Abstract

A fragment of the cDNA encoding the third intracellular loop of the rat m1 muscarinic receptor was cloned, and the DNA was expressed in Escherichia coli as a fusion protein. The fusion protein was purified and utilized as an antigen to raise a polyclonal antiserum in rabbits. Chinese hamster ovary cells stably transfected with the cDNA encoding each of the five known subtypes of muscarinic receptor were used as tissue sources to test the antiserum. The antiserum was found to quantitatively immunoprecipitate m1 muscarinic receptors, while not precipitating m2, m3, m4, or m5 receptors. This selective antiserum was utilized to quantify the density of m1 muscarinic receptors in seven selected areas of the rat brain. Thus, cortex was found to contain approximately 0.8 pmol/mg of membrane protein, which represents 34% of the total density of muscarinic receptors. Similarly, hippocampus (1 pmol/mg; 47%), striatum (0.8 pmol/mg; 29%), and olfactory tubercule (0.9 pmol/mg; 35%) are rich in m1 receptors. In contrast, thalamus/hypothalamus contained only 0.15 pmol/mg, representing approximately 16% of the total density of muscarinic receptors, whereas pons/medulla (0.03 pmol/mg; 5%) and cerebellum (less than 0.01 pmol/mg; 2%) had very low levels of expression of m1 receptors.
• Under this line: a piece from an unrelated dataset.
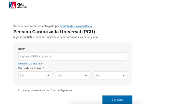 Con ambos datos, el sistema determinará si la persona debe solicitar la PGU. En caso de que deba postular, se deriva al formulario de solicitud en línea, al cual se ingresa con Clave Única.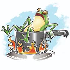 Like the frog that is happy to be put into a water-filled pot and is having a leisurely swim, so doesn’t notice the gradual rise of water temperature until it’s too late – he’s been cooked!

The development of a selective antiserum has provided a means for the quantification of a specific subtype of muscarinic receptor in tissues, such as the brain, that express multiple subtypes. This methodology will be applicable not only to the other subtypes of muscarinic receptor but also to the subtypes of several other neurotransmitter receptors that lack selective drugs with which to study them.